By a margin of three to one, small business owners are against any proposed expansion of the unemployment insurance system. While it’s certainly an odd time to consider increasing Michigan’s unemployment benefits — when our state’s unemployment rate remains at record low — we are beginning to see and feel very serious rumblings from Lansing that legislators are considering it. Respondents to the spring survey clearly opposed legislative efforts to expand Michigan’s unemployment benefits from a maximum of 20 weeks per year to 26 weeks and increase the cash benefit from a maximum of $362 per week to $602, with an automatic annual increase.

The Unemployment Insurance Agency (UIA), under the leadership of Director Julia Dale, has been intentional in bringing stakeholders together to discuss fraud and systems issues after the debacle of the COVID-19 pandemic. During that time, the Unemployment Insurance Trust Fund was used as a social safety net for essentially any and all. While we recognize and can appreciate the complexity of the pandemic, the fund is kept afloat by employers, and treating it with respect and being fiscally sound in its allocation is non-negotiable. Before the pandemic, the fund was at a healthy $4 billion, but has been at risk of going broke. Expanding weeks and benefits before getting the fund back up to that healthy $4+ billion mark is irresponsible and disrespectful to employers. At this time it’s back to just north of $2 billion.

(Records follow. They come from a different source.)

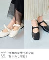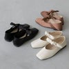 甲のリボンはつけ外し可能で、靴下と合わせてもかわいく自由自在なアレンジで履けちゃう!かかとを踏んでバブーシュにも◎
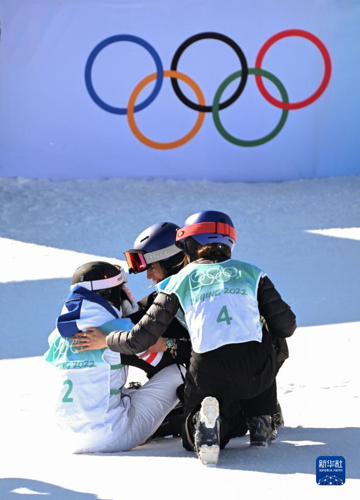 2月8日,中國隊選手谷愛(ài)凌(右)和瑞士隊選手瑪蒂爾德·格雷莫德(中)在比賽后安慰法國隊選手泰絲·勒德。新華社記者 武巍 攝
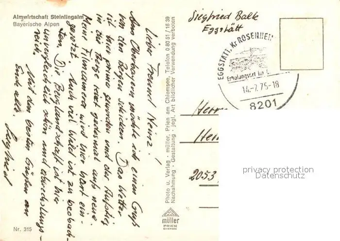 Steinlingalm Almwirtschaft Steinlingalm postalisch gelaufen 1975 Erhaltung siehe scans [KathaD81] Kathoren

To be clear, we are encouraged by the UIA’s work. They are narrowing in on a new system that will better support claimants AND employers. Along with many other long-overdue improvements, the UIA will narrow the gap for fraud, bring technology up to date and equip its employees to serve constituents holistically. However, legislative action is getting ahead of this work, setting this progress up for potential failure. Integrating a new system and trying to make these drastic changes legislatively is on a collision course to crash and burn. Our message to the legislature: let the UIA director and the agency do their work, prioritizing the Insurance Trust Fund to get it back to pre-pandemic health and make Michigan a top state in best practices.

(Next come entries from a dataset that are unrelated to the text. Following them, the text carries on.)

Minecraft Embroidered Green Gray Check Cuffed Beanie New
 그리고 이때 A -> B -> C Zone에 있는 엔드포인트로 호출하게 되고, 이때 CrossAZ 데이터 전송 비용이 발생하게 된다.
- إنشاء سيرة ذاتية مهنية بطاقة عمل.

We hear you and we will do everything in our power to relay this message. If you are out and about this summer and come into contact with your Representative or Senator, please tell them about your concerns in this area. As always, we will keep you apprised to anything we see moving in Lansing and will engage you when appropriate, but it takes all of us to make the small business voice heard and no voice is more credible than your own.